Growing up in New York, I thought of WBAI as part of the environment. What you heard there didn’t always make sense, but it was certainly different, and often amusing.

This article by a WBAI broadcaster and producer is a sad recounting of the canning of his show by the station. I don’t really know if it’s sad that Bill Weinberg’s show is gone, because I’ve never heard it. But his article leaves the impression that he’s a sensible fellow, and the tale he tells of WBAI’s recent decline is sad indeed.

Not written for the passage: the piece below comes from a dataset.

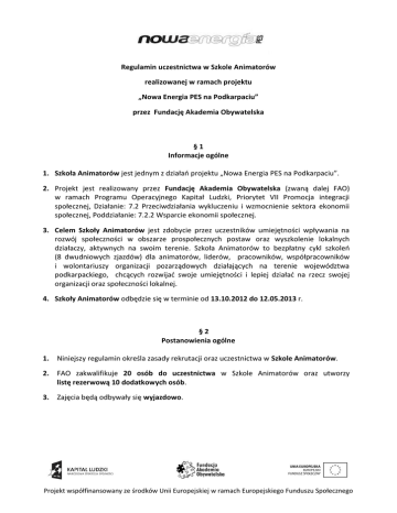 Regulamin uczestnictwa w Szkole Animatorów realizowanej w ramach projektu „Nowa Energia PES na Podkarpaciu” przez Fundację Akademia Obywatelska §1 Informacje ogólne 1. Szkoła Animatorów jest jednym z działań projektu „Nowa Energia PES na Podkarpaciu”. 2. Projekt jest realizowany przez Fundację Akademia Obywatelska (zwaną dalej FAO) w ramach Programu Operacyjnego Kapitał Ludzki, Priorytet VII Promocja integracji społecznej, Działanie: 7.2 Przeciwdziałania wykluczeniu i wzmocnienie sektora ekonomii społecznej, Poddziałanie: 7.2.2 Wsparcie ekonomii społecznej. 3. Celem Szkoły Animatorów jest zdobycie przez uczestników umiejętności wpływania na rozwój społeczności w obszarze prospołecznych postaw oraz wyszkolenie lokalnych działaczy, aktywnych na swoim terenie. Szkoła Animatorów to bezpłatny cykl szkoleń (8 dwudniowych zjazdów) dla animatorów, liderów, pracowników, współpracowników i wolontariuszy organizacji pozarządowych działających na terenie województwa podkarpackiego, chcących rozwijać swoje umiejętności i lepiej działać na rzecz swojej organizacji oraz społeczności lokalnej. 4. Szkoły Animatorów odbędzie się w terminie od 13.10.2012 do 12.05.2013 r. §2 Postanowienia ogólne 1. Niniejszy regulamin określa zasady rekrutacji oraz uczestnictwa w Szkole Animatorów. 2. FAO zakwalifikuje 20 osób do uczestnictwa w Szkole Animatorów oraz utworzy listę rezerwową 10 dodatkowych osób. 3. Zajęcia będą odbywały się wyjazdowo. Projekt współfinansowany ze środków Unii Europejskiej w ramach Europejskiego Funduszu Społecznego §3 Kryteria formalne 1. W Szkole Animatorów uczestniczyć mogą osoby: pełnoletnie, zamieszkałe (wg. Kodeksu Cywilnego) na terenie województwa podkarpackiego, pracujące lub współpracujące z organizacjami pozarządowymi, działającymi na terenie województwa podkarpackiego, które chcą uzyskać umiejętność podnoszenia poziomu aktywności społeczności lokalnych oraz zarządzania własnym potencjałem. 2. Warunkiem uczestnictwa w rekrutacji do Szkoły Animatorów jest złożenie kompletu dokumentów, określonych w §3 pkt.3 regulaminu uczestnictwa w Szkole Animatorów. 3. Osoby chcące uczestniczyć w Szkole Animatorów są zobowiązane do złożenie kompletu dokumentów: a) formularz zgłoszeniowy organizacji do projektu (załącznik nr 3 do regulaminu uczestnictwa w projekcie); b) formularz zgłoszeniowy osoby do projektu (załącznik nr 4 regulaminu uczestnictwa w projekcie); c) formularz zgłoszeniowy do Szkoły Animatorów (załącznik nr 6 uczestnictwa w projekcie); d) List polecający z organizacji pozarządowej, z którą współpracują; e) CV; f) Wydrukowany regulamin z podpisem i adnotacją o zapoznaniu z jego treścią i akceptacji jego postanowień. 4. Przyjęcie kompletu dokumentów stanowi zakończenie weryfikacji formalnej i nie jest równoznaczne z zakwalifikowaniem się do udziału w Szkole Animatorów. 5. Po złożeniu kompletu dokumentów uczestnik zostanie zaproszony pocztą elektroniczną lub telefonicznie na rozmowy rekrutacyjne, które odbędą się w dniach 26 – 27.09.2012 r. w biurze projektu, które mieści się w Rzeszowie, przy ul. Hetmańskiej 4/12. 6. Za moment zgłoszenia kandydata przyjmuje się dzień, w którym złożył wszystkie wymagane regulaminem dokumenty. Będą one przyjmowane do 19.09.2012 r. do godziny 16.00. 7. Za rekrutację odpowiedzialni są pracownicy merytoryczni projektu: specjalista ds. promocji i rekrutacji, specjalista ds. organizacji i prowadzenia szkoleń oraz doradztwa wraz z Opiekunami ITS stosownie do miejsca zamieszkania zgłaszającego. 8. Uczestnicy zostaną wybrani podczas otwartego naboru. Po spełnieniu kryteriów formalnych odbędzie się rozmowa kwalifikacyjna - badająca motywację i doświadczenie. Rozmowa zostanie przeprowadzona przez powołaną Komisję, która będzie punktować Projekt współfinansowany ze środków Unii Europejskiej w ramach Europejskiego Funduszu Społecznego poszczególne pytania. Wybrane zostaną osoby z najwyższą liczbą punktów. 9. Decyzję ostateczną o przyjęciu do Szkoły Animatorów podejmie Koordynator na podstawie złożonych dokumentów oraz protokołu z obrad Komisji po przeprowadzonych rozmowach rekrutacyjnych. 10. Wyniki naboru zostaną ogłoszone do 01.10.2012 r. Umowa z uczestnikami zostanie podpisana w dniu 05.10.2012 r. w biurze projektu - Rzeszów, ul. Hetmańskiej 4/9 i 11. §4 Monitoring uczestników projektu 1. Uczestnicy projektu zobowiązani są do rzetelnego wypełniania wszelkich dokumentów monitoringowych i ewaluacyjnych. 2. Uczestnik zobowiązuje się podać dane niezbędne do wypełnienia kwestionariuszy ewaluacyjnych oraz poinformować o wszelkich zmianach dotyczących powyższych danych w ciągu 7 dni od ich zaistnienia. 3. Uczestnik oświadcza, że wyraża zgodę na przetwarzanie swoich danych osobowych dla celów związanych z realizacją Projektu. §5 Postanowienia końcowe 1. 2. 3. 4. Sprawy nie uregulowane niniejszym Regulaminem wymagają formy pisemnej. Regulamin obowiązuje przez cały okres realizacji Projektu. Niniejszy Regulamin wchodzi w życie z dniem ogłoszenia. Projektodawca zastrzega sobie prawo jednostronnego wprowadzenia zmian w niniejszym regulaminie. 5. Projektodawca zastrzega sobie prawo zaprzestania realizacji Projektu w razie rozwiązania umowy o dofinansowanie z WUP. 6. W przypadku o którym mowa w pkt 4 i 5 Uczestnikom nie przysługuje żadne roszczenie wobec Projektodawcy. 7. Aktualna treść regulaminu dostępna jest w Biurze Projektu, Inkubatorach Trzeciego Sektora działających w ramach projektu Nowa Energia PES na Podkarpaciu oraz na stronie internetowej projektu www.energiango.pl. Projekt współfinansowany ze środków Unii Europejskiej w ramach Europejskiego Funduszu Społecznego

According to Weinberg, the station now either features the following characters on the air or offers their products as premiums to reward listener contributions: Gary Null, who recently departed DC’s WPFW and whom Weinberg describes as a “mini-mogul” who markets “dubious products”, and who is “notorious as an HIV-AIDS denialist;” David Icke, “who maintains that the world is secretly run by”shape-shifting reptilians" from another dimension;” George Galloway, the former member of the U.K. parliament, who — well, Weinberg barely has space to scratch the surface of this shady figure, who supported the election of Iran’s Mahmoud Ahmadinejad and who has praised Syrian dictator Bashar al-Assad as a “breath of fresh air;” and several other depressing creeps and weirdos.

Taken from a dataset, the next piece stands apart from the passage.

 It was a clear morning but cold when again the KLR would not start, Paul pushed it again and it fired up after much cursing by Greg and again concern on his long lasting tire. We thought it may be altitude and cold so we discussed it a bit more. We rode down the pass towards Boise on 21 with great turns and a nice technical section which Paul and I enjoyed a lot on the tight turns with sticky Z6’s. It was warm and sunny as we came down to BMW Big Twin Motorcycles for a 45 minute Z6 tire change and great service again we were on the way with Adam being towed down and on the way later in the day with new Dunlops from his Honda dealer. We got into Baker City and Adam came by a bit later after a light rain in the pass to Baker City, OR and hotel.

I happen to know from personal experience that some of the people Weinberg discusses do not take criticism well. I hope they leave him be and that he finds a way to speak to his audience through the internet. It might seem that more modern means of communication make worrying over who gets to be on the radio, and radio itself, rather quaint, but there are still many people who don’t have reliable access to the internet, and these are just the people whom WBAI and its sister stations have claimed to be eager to serve.